UMAP (Uniform Manifold Approximation and Projection) is a dimensionality reduction method based on reducing the cross-entropy between two fuzzy sets. The UMAP paper goes into some detail on the theory, but not into algorithmic specifics. From the point of view of the nuts and bolts of the computation, you can work out a fair amount from the source code. To take a broad view, it’s definitely in the t-SNE family of dimensionality reduction, but with a different theoretical underpinning, and the implementation itself is similar to LargeVis in how it scales to large datasets.

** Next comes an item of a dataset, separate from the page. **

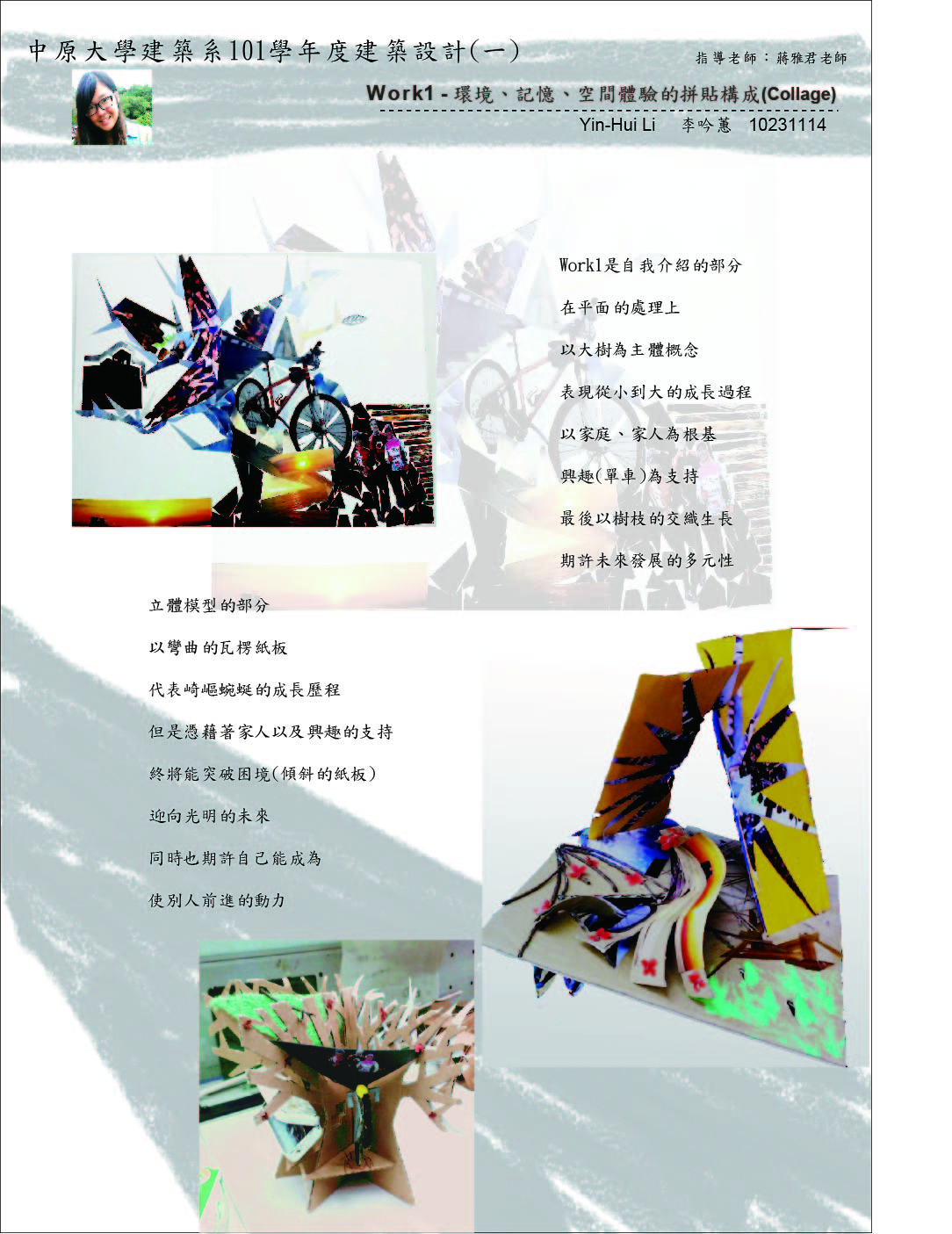 work1 自介 平面處理以大樹為基礎概念,表現從小到大成長過程,以家庭、家人為根基,興趣為支持,最後以樹脂的交織生長,期許未來發展的多元性。 模型部分,以彎曲的瓦楞紙版,代表一區蜿蜒的成長歷程,但是憑藉家人以及興趣支持終將突破困境(傾斜紙板),也期許自己能成為別人的動力。

More details on the cost function and resulting gradient can be read on the theory page. What makes UMAP (and LargeVis) of specific interest is that, unlike t-SNE, it doesn’t require normalization in the output step to convert affinities to probabilities. This is in fact the key to its superior scaling to very large datasets, compared to Barnes-Hut t-SNE.

The reason that this lack of normalization is important is because normalization has been suggested as being one of the properties that leads to the superior performance of t-SNE over other methods (see, for example, this perspective by Lee and Verleysen). It’s important to note that normalization is still carried out on the input affinity matrix in UMAP, although in a slightly different way to the perplexity-based calibration used in t-SNE. Another difference is that while the input matrix is symmetrized, the final normalization step used in t-SNE (division by the grand total of the matrix so all the “probabilities” sum to 1) is not carried out in UMAP.

Variations on UMAP

t-UMAP

The UMAP gradient contains some extra terms compared to the t-SNE version that make it more expensive to calculate. But we can simplify matters considerably by adopting the t-SNE weighting function: the Cauchy distribution, which arises naturally in UMAP by setting the a and b parameters of its weighting function to 1.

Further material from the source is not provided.